WHAT YOU HAVE TO DO = Would you transcribe the records below from the line with "Trong đó phái" to the line with "这个厚门叫金库门,铆钉一颗颗", ends included, exactly and with nothing more, leaving the pictures out?

DATA UNDER STUDY =
====================

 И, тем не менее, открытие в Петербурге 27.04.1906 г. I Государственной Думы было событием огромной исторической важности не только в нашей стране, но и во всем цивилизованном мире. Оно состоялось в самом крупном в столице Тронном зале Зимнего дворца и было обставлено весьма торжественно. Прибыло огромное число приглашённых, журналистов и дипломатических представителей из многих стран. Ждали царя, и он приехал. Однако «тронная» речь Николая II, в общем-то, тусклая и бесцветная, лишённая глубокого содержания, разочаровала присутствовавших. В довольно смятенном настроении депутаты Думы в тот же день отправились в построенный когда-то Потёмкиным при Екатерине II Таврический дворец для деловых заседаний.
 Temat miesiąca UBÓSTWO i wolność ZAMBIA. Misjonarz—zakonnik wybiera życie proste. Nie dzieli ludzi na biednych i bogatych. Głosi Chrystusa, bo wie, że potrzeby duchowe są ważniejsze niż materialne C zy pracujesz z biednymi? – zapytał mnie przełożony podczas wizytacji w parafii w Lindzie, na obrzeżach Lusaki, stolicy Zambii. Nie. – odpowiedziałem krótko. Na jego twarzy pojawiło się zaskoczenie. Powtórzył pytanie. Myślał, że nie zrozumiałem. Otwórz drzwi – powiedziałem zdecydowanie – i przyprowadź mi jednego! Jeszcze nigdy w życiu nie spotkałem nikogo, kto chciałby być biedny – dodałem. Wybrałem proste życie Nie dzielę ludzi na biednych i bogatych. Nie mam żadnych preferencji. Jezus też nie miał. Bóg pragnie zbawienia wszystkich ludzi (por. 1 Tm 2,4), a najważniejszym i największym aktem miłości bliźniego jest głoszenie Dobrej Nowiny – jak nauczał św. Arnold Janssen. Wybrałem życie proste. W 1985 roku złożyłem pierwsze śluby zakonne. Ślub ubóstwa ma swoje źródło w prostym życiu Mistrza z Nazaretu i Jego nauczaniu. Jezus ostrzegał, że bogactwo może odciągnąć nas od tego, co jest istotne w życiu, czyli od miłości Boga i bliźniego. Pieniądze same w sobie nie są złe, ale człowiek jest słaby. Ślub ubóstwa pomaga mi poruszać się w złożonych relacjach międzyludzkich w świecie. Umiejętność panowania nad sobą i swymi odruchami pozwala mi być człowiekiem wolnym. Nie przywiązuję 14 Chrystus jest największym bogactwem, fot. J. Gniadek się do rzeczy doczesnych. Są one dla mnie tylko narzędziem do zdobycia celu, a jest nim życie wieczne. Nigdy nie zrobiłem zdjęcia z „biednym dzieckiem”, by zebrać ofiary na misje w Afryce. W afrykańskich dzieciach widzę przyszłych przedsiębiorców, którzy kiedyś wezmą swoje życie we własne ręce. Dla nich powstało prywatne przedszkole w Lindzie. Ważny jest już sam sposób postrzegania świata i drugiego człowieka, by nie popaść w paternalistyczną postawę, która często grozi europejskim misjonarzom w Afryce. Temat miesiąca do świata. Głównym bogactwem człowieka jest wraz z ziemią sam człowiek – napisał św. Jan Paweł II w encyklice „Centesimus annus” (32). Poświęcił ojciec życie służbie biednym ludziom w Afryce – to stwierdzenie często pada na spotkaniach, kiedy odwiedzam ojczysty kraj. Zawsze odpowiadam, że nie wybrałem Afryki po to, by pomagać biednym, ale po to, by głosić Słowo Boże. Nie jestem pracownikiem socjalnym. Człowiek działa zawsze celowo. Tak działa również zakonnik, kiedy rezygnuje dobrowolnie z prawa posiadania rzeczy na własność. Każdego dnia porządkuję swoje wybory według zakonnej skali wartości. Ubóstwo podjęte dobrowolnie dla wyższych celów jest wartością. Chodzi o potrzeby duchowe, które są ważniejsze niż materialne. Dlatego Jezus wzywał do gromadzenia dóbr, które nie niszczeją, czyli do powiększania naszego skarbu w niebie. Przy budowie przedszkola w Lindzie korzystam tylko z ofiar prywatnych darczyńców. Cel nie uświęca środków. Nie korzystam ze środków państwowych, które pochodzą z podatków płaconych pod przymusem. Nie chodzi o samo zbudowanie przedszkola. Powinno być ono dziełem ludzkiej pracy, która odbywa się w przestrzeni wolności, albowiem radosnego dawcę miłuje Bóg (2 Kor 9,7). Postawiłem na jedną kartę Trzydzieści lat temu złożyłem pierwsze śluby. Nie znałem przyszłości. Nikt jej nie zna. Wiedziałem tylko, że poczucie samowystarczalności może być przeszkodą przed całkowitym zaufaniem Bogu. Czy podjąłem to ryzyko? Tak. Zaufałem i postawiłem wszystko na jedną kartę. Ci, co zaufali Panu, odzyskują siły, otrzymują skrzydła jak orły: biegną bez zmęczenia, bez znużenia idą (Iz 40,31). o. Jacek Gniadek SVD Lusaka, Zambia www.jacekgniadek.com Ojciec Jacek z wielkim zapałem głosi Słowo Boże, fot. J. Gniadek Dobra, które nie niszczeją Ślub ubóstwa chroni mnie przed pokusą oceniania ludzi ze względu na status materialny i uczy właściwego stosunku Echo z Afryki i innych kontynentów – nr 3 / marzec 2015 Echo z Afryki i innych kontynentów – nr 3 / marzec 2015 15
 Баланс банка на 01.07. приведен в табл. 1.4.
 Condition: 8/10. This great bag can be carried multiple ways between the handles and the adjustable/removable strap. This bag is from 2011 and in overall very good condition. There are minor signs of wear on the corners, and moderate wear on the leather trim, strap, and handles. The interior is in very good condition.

====================

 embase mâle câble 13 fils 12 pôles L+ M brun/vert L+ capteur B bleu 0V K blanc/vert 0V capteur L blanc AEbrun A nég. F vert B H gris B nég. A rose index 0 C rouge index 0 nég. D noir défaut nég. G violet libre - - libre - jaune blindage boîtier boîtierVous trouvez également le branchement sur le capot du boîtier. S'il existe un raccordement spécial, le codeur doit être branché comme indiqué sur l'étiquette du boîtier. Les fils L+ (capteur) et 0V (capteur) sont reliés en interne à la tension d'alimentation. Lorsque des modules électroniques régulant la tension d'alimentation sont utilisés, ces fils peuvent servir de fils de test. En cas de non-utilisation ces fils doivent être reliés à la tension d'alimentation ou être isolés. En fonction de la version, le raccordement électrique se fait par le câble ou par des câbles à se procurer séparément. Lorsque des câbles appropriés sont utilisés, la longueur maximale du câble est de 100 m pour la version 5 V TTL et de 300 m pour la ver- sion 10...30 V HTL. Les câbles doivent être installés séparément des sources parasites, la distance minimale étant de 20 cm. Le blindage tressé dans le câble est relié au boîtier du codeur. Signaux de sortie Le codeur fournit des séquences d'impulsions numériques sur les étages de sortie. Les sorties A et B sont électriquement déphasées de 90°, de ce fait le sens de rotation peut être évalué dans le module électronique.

====================

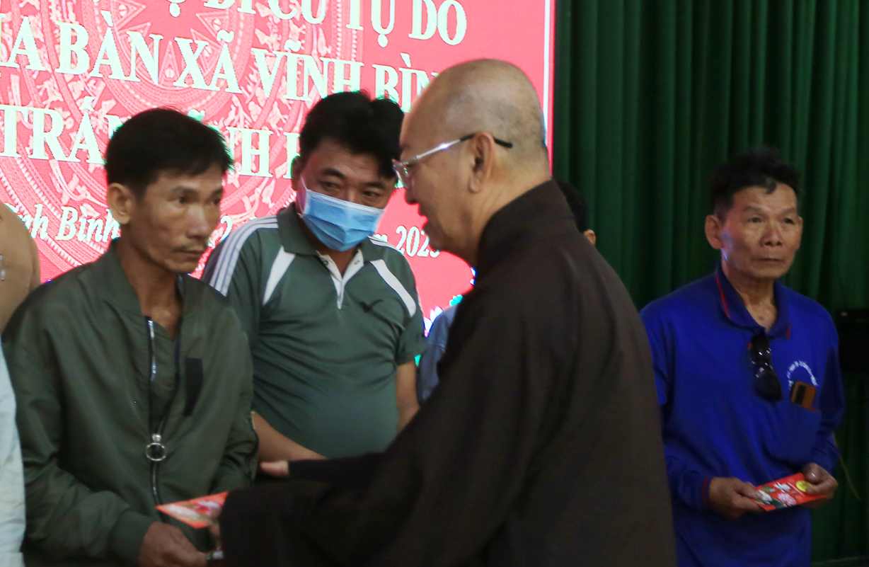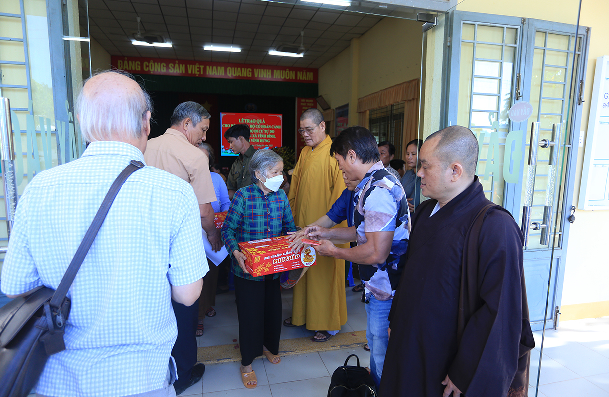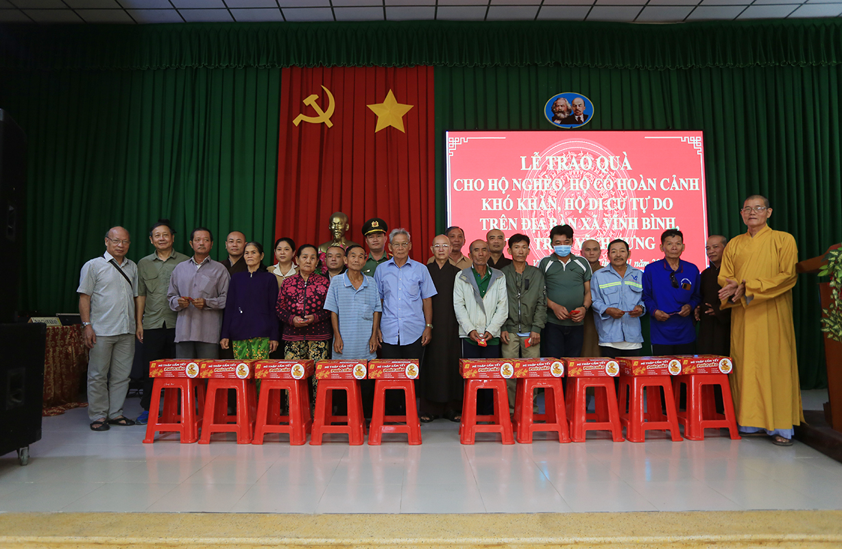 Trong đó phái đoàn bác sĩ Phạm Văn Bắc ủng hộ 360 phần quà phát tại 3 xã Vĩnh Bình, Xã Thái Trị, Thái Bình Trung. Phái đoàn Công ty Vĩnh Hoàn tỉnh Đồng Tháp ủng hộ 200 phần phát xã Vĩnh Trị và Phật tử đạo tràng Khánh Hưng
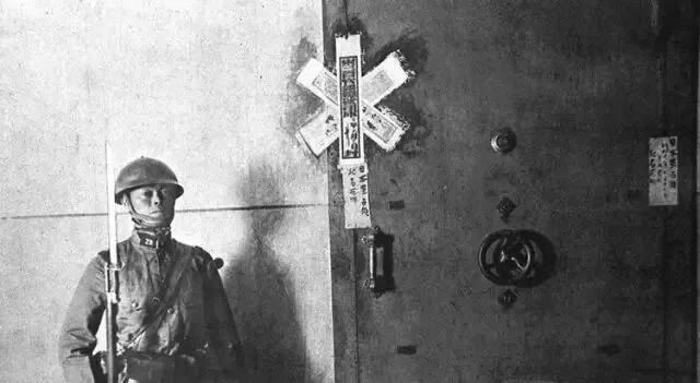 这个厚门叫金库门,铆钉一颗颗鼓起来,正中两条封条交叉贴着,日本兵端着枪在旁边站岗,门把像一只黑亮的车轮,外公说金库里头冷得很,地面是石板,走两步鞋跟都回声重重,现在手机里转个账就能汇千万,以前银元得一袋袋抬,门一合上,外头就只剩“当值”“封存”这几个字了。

====================

RESULT =
 Trong đó phái đoàn bác sĩ Phạm Văn Bắc ủng hộ 360 phần quà phát tại 3 xã Vĩnh Bình, Xã Thái Trị, Thái Bình Trung. Phái đoàn Công ty Vĩnh Hoàn tỉnh Đồng Tháp ủng hộ 200 phần phát xã Vĩnh Trị và Phật tử đạo tràng Khánh Hưng
 这个厚门叫金库门,铆钉一颗颗鼓起来,正中两条封条交叉贴着,日本兵端着枪在旁边站岗,门把像一只黑亮的车轮,外公说金库里头冷得很,地面是石板,走两步鞋跟都回声重重,现在手机里转个账就能汇千万,以前银元得一袋袋抬,门一合上,外头就只剩“当值”“封存”这几个字了。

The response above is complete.